In many respects, we have a similar situation here. The Remain campaign spent so much time pushing a negative campaign about all the potential bad things that would befall Britain as a result of Brexit that they have left people unable to discern what will happen next. There is no need to search the sky for what will happen as a result of Brexit. We can’t know everything, but there a number of issues that have to be resolved. Fearing and thinking about WWIII happening as a result of Brexit is a head in the air possibility.
A more grounded view of what will happen and the decision that follow would like something like the following list:
- A new Prime Minister will have to be elected with the resignation of David Cameron. This will happen in a few months.
- New government leadership will have to be arranged across all the parties as the new PM is selected. It’s not just Conservatives who will see a shakeup. The Labour Party is organizing behind a vote of no confidence regarding Jeremy Corbyn (good riddance).
- The UK will have to negotiate new trading agreements with various countries, most notably the EU it just left
- Scotland will have to debate/decide whether or not it wants a second referendum on leaving the UK and re-entering the EU
- Ireland wants new discussions over the reunification of Ireland.
- Once the new government is in place, the UK will have to pass new immigration laws
- The UK will have to decide how to handle the millions of EU citizens in its borders, working and living, who are not UK citizens.
- Conversely, the UK and EU will have to negotiate how to handle UK residents abroad in the EU.
- The UK and Bank of England will have to take measures reassuring investors and reestablishing Sterling’s value
- The UK will have to decide on how to use/deploy its military across Europe. The French and British are the two main armies in the EU. Brexit leaves the French as the main force in the EU. It will be interesting to watch how this shifts French priorities.
- If other Countries leave the EU, as is expected, how will trade with the UK and the EU be affected?
- The nuts and bolts of how these decisions will be handled are covered here.
Each of these decisions has a multitude of variables that will affect other decisions. The Remain campaign often went to the absolute worst case scenario with every single one of these questions. Remain claimed it was a choice between the status quo and, practically, the end of the world. It’s difficult to imagine the UK will deal with the worst case scenario in every situation they encounter. The reality of the situation is that there is great uncertainty on how the future will come out, but there exists an equal chance good will happen as well as bad. That is true for every free country and will be true of the UK.
The key is Britain has given itself power to decide its own path now. It is independent to make these decisions and not run them past Brussels. It can seek to push the interests of its own citizens without concerning itself with the issues of Brussels. Even if the worst case scenario happens with the choices above, Britain can choose to reverse course. Or, voters can vote in politicians to change that course. Britain has choice and sovereignty. And that is a very good thing.

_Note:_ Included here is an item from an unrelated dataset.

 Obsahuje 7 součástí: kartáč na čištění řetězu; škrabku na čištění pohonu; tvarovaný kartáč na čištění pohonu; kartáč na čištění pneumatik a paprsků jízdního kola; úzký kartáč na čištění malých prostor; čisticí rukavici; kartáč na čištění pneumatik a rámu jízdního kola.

“Britons want a revote” is a false media narrative
— Ankit Panda (@nktpnd) June 26, 2016
You may have seen stories running around social media saying people in the UK want another referendum vote to overturn the Leave win. These stories are usually accompanied by a story where a person who voted Leave is shocked to see the country is actually leaving the EU. Here’s the thing… the petition is fake. Internet trolls from the website 4chan used scripts written up to send in names from North Korea, the Vatican City, and other places outside the UK. But networks desperate for a Remain narrative are reporting it as true.

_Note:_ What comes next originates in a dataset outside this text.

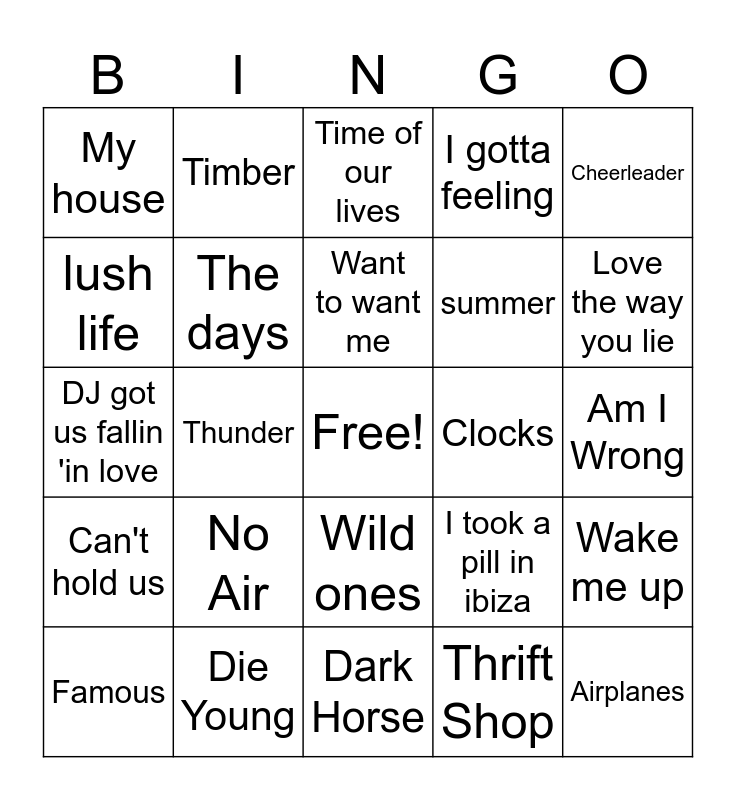This bingo card has a free space and 29 words: Famous, New Rules, Thunder, One dance, My house, Time of our lives, The days, No Air, Clocks, Die Young, Am I Wrong, Airplanes, Dark Horse, Thrift Shop, Love the way you lie, Replay, Wild ones, Can't hold us, Cheerleader, DJ got us fallin 'in love, I took a pill in ibiza, cheap thrills, summer, lush life, I gotta feeling, Timber, Wake me up, Want to want me and Scream & Shout.
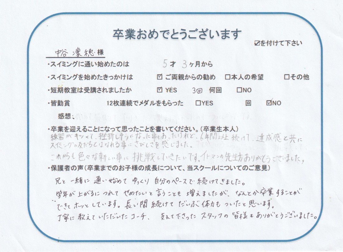 HOME > 在校生及び卒業生の声 > 2024年11月卒業生(凜穂ちゃん)

Even if it was true, those stories and petitions focus on such a minor segment of the population, they’re pushing a false narrative. The people signing that petition were mostly for Remain already. Those who voted Leave? They’re actually pretty happy with the results. Actually, that’s an understatement: Leave is universally ecstatic:
Vote split // On the #EUref result (Remain / Leave):
Happy: 4% / 92%
Unhappy: 88% / 1%
Indifferent: 7% / 5%
— Britain Elects (@britainelects) June 25, 2016
If you use happiness as a measure of determining a second referendum, at the same turnout rate, it is likely that the Leave campaign would win by a larger margin than before. It is conceivable that the 4% of Remain voters happy with Leaving would switch their vote. And only 1% of the Leave campaign is unhappy. ONE PERCENT. Compare that to the amount of coverage unhappy Leave voters are getting in the media and you immediately notice the unmistakable stink of media bias. The online petitions floating around change nothing about the EU referendum vote. The vote was democratic and the choice of the people. The same people ranting about how bad direct democracy referendums are, would be cheering the mandate of Remain had they won. How do you think the Remain camp would treat Leave voters with they wanted a revote? Given the stink in the media, the first word that comes to my mind is: contempt.

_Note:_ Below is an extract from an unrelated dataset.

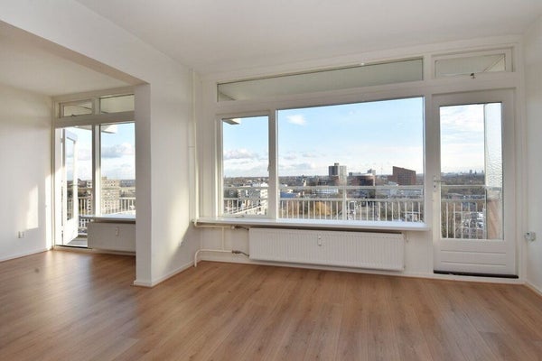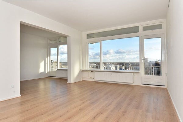 Gelegen op de tiende verdieping vindt u dit ruime en goed onderhouden 4-kamer appartement. Vanwege de hoeklocatie heeft u een prachtig uitzicht, inclusief een beetje zeezicht en een blik op Rotterdam bij helder weer. Met een woonoppervlakte van ongeveer 95 m² biedt het appartement een lichte ...
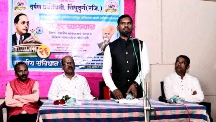 भारतीय संविधान दिना निमित्त दर्पण प्रबोधिनी सिंधुदुर्ग या संस्थेतर्फे येथील उत्कर्षा हॉल येथे भारतीय संविधानाचे महत्व व वर्तमान लोकशाहीची परिस्थिती’ या विषयावर व्याख्यान देताना श्री. पाटील बोलत होते. यावेळी दर्पण प्रबोधिनी संस्थेचे अध्यक्ष आनंद तांबे व पदाधिकारी उपस्थित होते.

P.S.: British people were not frantically Googling what the EU was after the vote, as has been widely reported. That was about 1,000 people out of approximately 33 million who voted. Stop the hyperbolic accusations.
Do the Scots and Irish have to give consent for the referendum to have effect?
There is a theory floating around on social media that both the Scottish and North Ireland Parliaments have to give consent for the Brexit referendum to have effect. Zero Hedge provides a summary (emphasis from original piece):
The role of the devolved legislatures in implementing the withdrawal agreement:
We asked Sir David whether he thought the Scottish Parliament would have to give its consent to measures extinguishing the application of EU law in Scotland. He noted that such measures would entail amendment of section 29 of the Scotland Act 1998, which binds the Scottish Parliament to act in a manner compatible with EU law, and he therefore believed that the Scottish Parliament’s consent would be required. He could envisage certain political advantages being drawn from not giving consent.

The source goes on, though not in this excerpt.